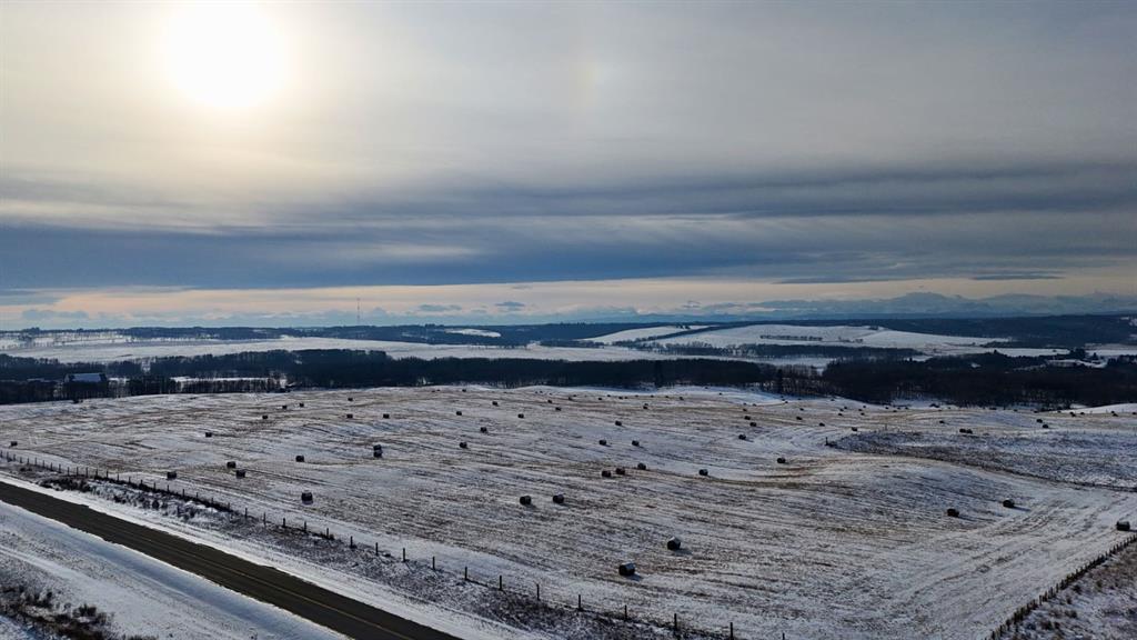 An expansive 138.6-acre parcel of agricultural land sits just north of Westbrook School in Rural Rocky View County, offering a rare opportunity to secure significant acreage with a mix of cultivated fields, mature trees, and stunning mountain vistas.
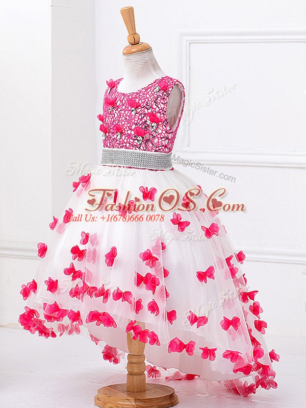 Home >  Special Occasion Dresses >  New Style Little Girl Pageant Dresses > Great High Low White Little Girl Pageant Gowns Tulle Sleeveless Beading and Appliques
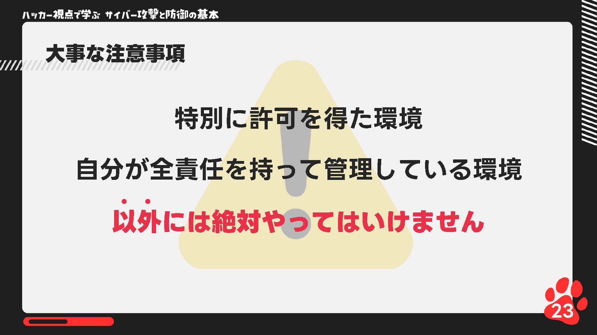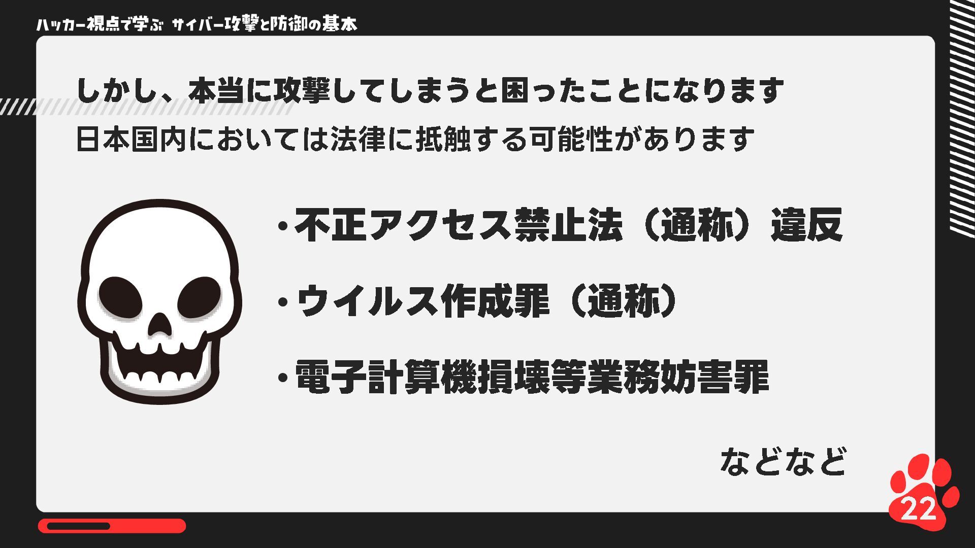 22 しかし、本当に攻撃してしまうと困ったことになります 日本国内においては法律に抵触する可能性があります •不正アクセス禁止法(通称)違反 •ウイルス作成罪(通称) •電子計算機損壊等業務妨害罪 などなど
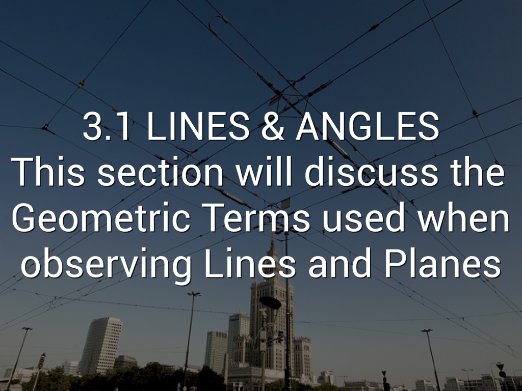 This section will discuss the Geometric Terms used when observing Lines and Planes
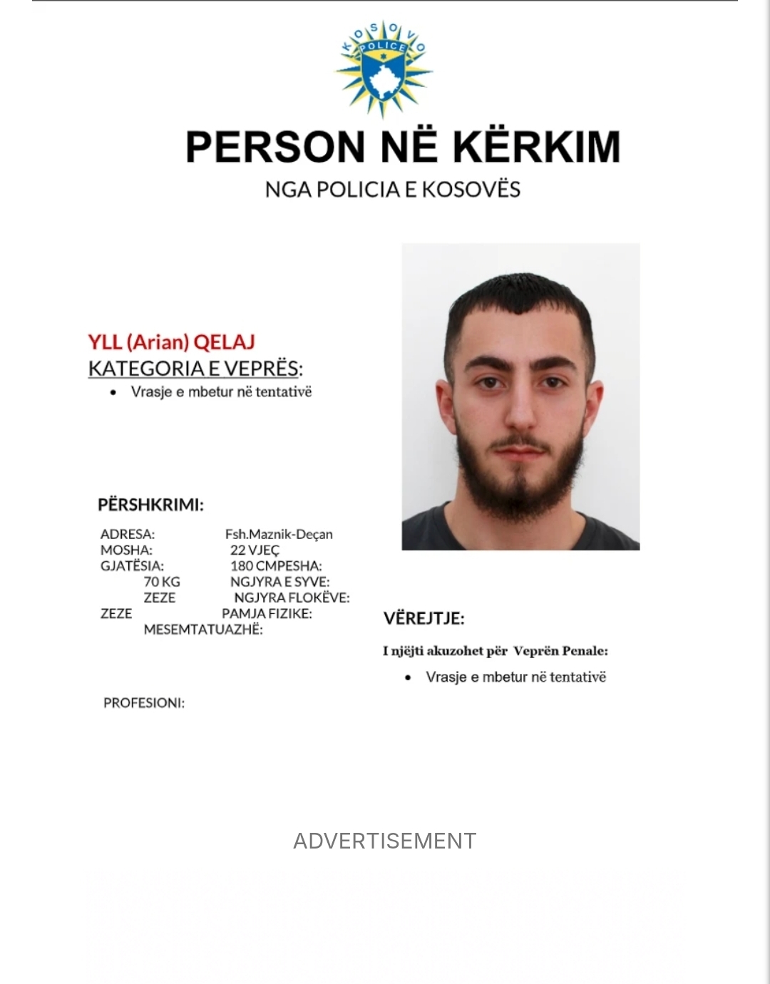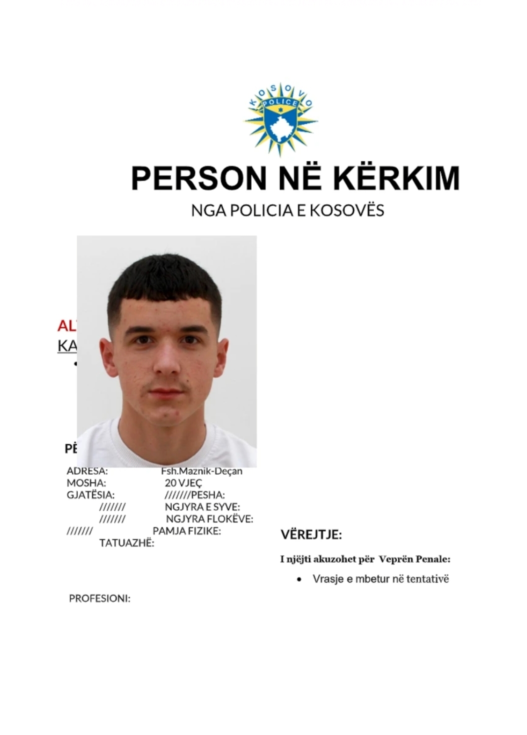 Tutje në njoftim thuhet se tё pandehurit kërkohen për veprën penale: Vrasje e mbetur në tentativë
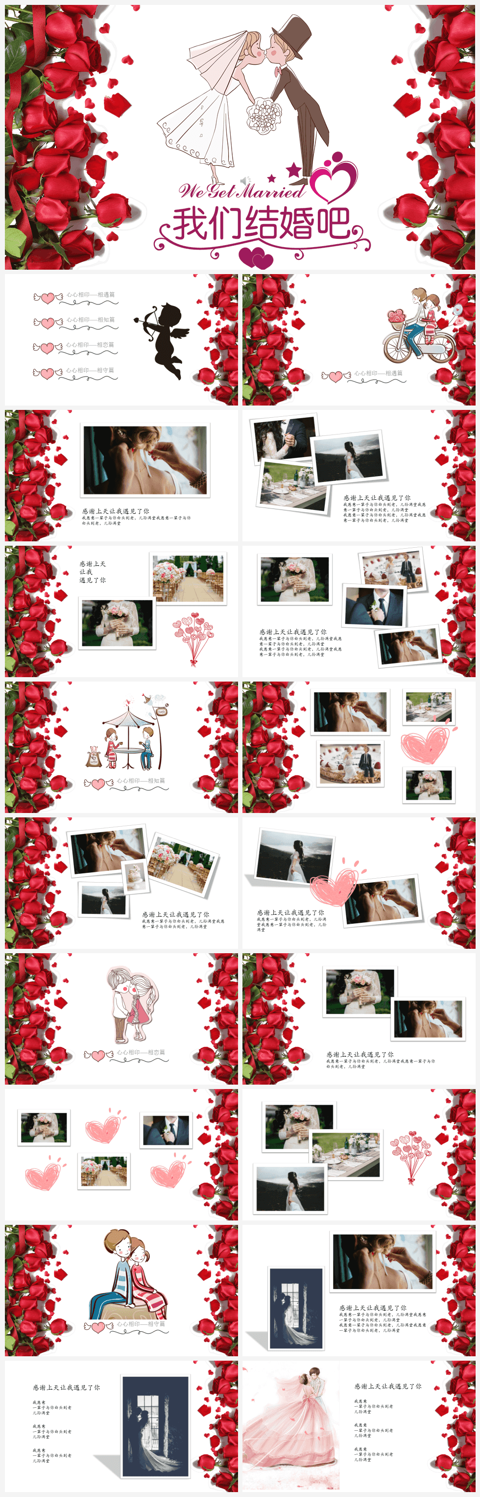 本作品内容为红色玫瑰系浪漫求婚表白我们结婚吧PPT模板, 格式为 pptx, 大小15.2MB, 页数为19,比例自定义, 请使用软件PowerPoint打开, 作品中主体文字及图片可替换修改,文字修改可直接点击文本框进行编辑,图片更改可选中图片后单击鼠标右键选择更换图片,也可根据自身需求增加和删除作品中的内容, 源文件无水印, 欢迎使用发发资源库。
********************
YOUR INSTRUCTIONS ->
Starting at the line that contains "22 しかし、本当に攻撃してしまうと困ったことになります 日本国内においては法律に抵触する可能性があります", reproduce every line through the last one in the records exactly, and omit all pictures.

EXERCISE RESPONSE ->
 22 しかし、本当に攻撃してしまうと困ったことになります 日本国内においては法律に抵触する可能性があります •不正アクセス禁止法(通称)違反 •ウイルス作成罪(通称) •電子計算機損壊等業務妨害罪 などなど
 This section will discuss the Geometric Terms used when observing Lines and Planes
 Tutje në njoftim thuhet se tё pandehurit kërkohen për veprën penale: Vrasje e mbetur në tentativë
 本作品内容为红色玫瑰系浪漫求婚表白我们结婚吧PPT模板, 格式为 pptx, 大小15.2MB, 页数为19,比例自定义, 请使用软件PowerPoint打开, 作品中主体文字及图片可替换修改,文字修改可直接点击文本框进行编辑,图片更改可选中图片后单击鼠标右键选择更换图片,也可根据自身需求增加和删除作品中的内容, 源文件无水印, 欢迎使用发发资源库。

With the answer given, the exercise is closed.